⟨
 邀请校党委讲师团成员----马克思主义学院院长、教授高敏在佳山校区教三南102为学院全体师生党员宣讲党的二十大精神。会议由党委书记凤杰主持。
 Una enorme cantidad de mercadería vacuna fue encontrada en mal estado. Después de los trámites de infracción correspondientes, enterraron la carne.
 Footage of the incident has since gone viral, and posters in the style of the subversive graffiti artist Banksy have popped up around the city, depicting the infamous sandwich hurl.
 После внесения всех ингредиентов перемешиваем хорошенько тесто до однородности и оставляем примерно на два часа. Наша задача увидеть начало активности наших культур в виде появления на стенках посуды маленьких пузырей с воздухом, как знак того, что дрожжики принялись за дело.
⟩
⟨
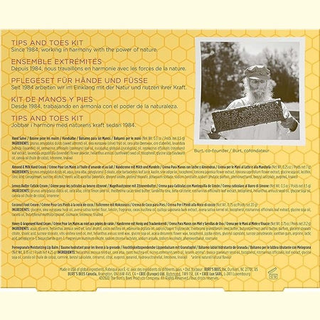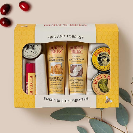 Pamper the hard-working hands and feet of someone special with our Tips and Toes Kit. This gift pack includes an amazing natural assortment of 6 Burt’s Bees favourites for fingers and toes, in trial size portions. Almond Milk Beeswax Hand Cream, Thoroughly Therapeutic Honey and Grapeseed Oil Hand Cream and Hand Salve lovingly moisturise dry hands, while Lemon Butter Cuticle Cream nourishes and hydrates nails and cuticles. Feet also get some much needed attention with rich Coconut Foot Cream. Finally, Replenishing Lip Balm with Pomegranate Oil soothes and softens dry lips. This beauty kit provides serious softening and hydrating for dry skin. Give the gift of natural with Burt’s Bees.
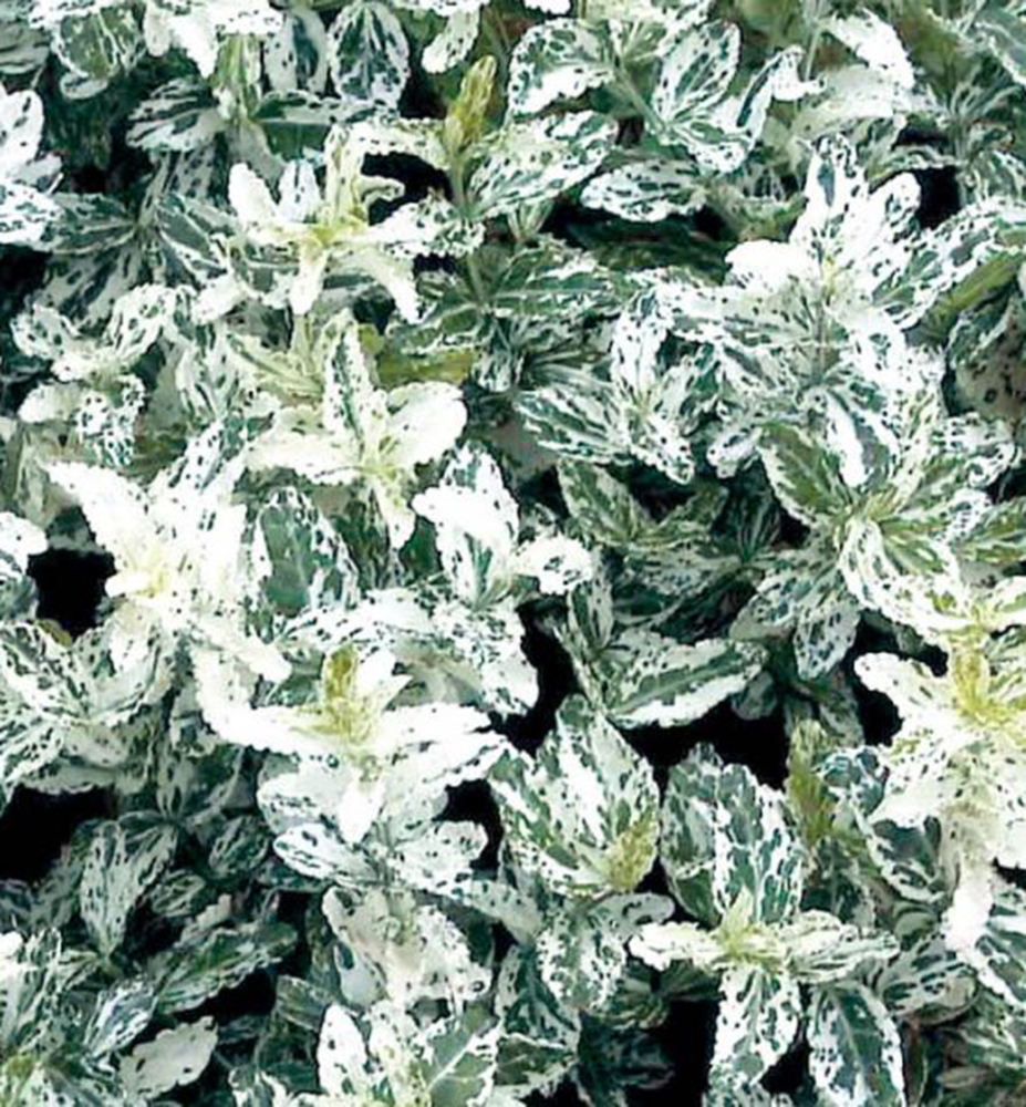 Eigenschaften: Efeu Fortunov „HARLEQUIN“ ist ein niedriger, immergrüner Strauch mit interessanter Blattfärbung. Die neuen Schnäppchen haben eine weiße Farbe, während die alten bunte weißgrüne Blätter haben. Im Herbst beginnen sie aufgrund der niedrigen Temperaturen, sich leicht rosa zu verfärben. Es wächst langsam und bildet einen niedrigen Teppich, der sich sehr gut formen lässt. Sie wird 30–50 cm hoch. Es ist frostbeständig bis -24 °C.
⟩
Could you reproduce exactly the lines of the entries above, from the one with "邀请校党委讲师团成员----马克思主义学" through the one with "После внесения всех", and nothing else?

▶ ANSWER TO THE EXERCISE:
 邀请校党委讲师团成员----马克思主义学院院长、教授高敏在佳山校区教三南102为学院全体师生党员宣讲党的二十大精神。会议由党委书记凤杰主持。
 Una enorme cantidad de mercadería vacuna fue encontrada en mal estado. Después de los trámites de infracción correspondientes, enterraron la carne.
 Footage of the incident has since gone viral, and posters in the style of the subversive graffiti artist Banksy have popped up around the city, depicting the infamous sandwich hurl.
 После внесения всех ингредиентов перемешиваем хорошенько тесто до однородности и оставляем примерно на два часа. Наша задача увидеть начало активности наших культур в виде появления на стенках посуды маленьких пузырей с воздухом, как знак того, что дрожжики принялись за дело.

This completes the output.